Transseptal approach is preferred for transcatheter mitral valve-in-valve procedures
The use of bioprosthetic valves for mitral valve (MV) replacement (MVR) has increased from less than 20% to greater than 75% of cases over the last twenty-five years (1,2). It is unsurprising that bioprosthetic MV degeneration requiring re-intervention is becoming more commonplace. Given that re-operative MV surgery carries a significant 10–15% risk of peri-operative mortality as ascertained by the Society of Thoracic Surgeons’ (STS) database (3), transcatheter MVR via a valve-in-valve (MViV) technique has been investigated as an alternative approach for high- and extreme-risk patients with degenerated mitral bioprostheses. Early experience with MViV focused on the transapical (TA) approach (4). Although the TA approach was initially favored because it is less technically challenging (5), MViV has become increasingly performed via a transseptal (TS) approach.

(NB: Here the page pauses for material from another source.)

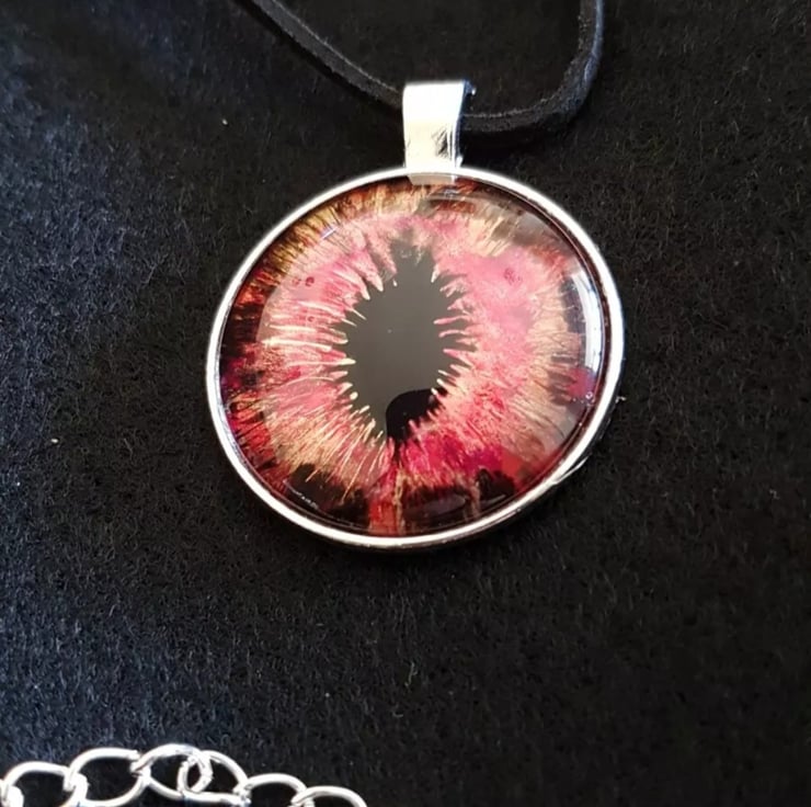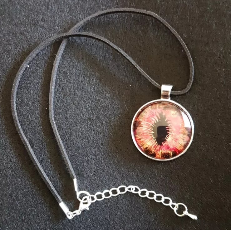Handpainted Dragons Eye Glass Cabochon Pendant Faux Suede Cord Choker.

The most comprehensive outcome data regarding MViV procedures comes from three registries: the Valve-in-Valve International Data (VIVID) registry (5), the transcatheter mitral valve replacement (TMVR) registry (6), and the STS/American College of Cardiology (ACC) Transcatheter Valve Therapies (TVT) registry (7), all of which have published recent updates on their experiences with MViV. In all three registries, technical success for MViV exceeded 90% with both TA and TS approaches. No differences for in-hospital mortality were identified when comparing approach techniques in any of these analyses, though the TVT registry report identified a trend towards lower in-hospital mortality with TS, as compared to the TA approach (P=0.06). Regarding peri-procedural morbidity, there were no differences identified in the VIVID registry (6). The TMVR registry showed higher rates of atrial septal defect closure and lower rates of life-threatening or fatal bleeding events after TS access (7). The TVT registry analysis demonstrated shorter lengths of stay and increased rates of discharge to home among patients undergoing TS as compared to TA MViV, despite no statistically significant differences in rates of complications including stroke, re-intervention, need for new permanent pacemaker, or bleeding (8).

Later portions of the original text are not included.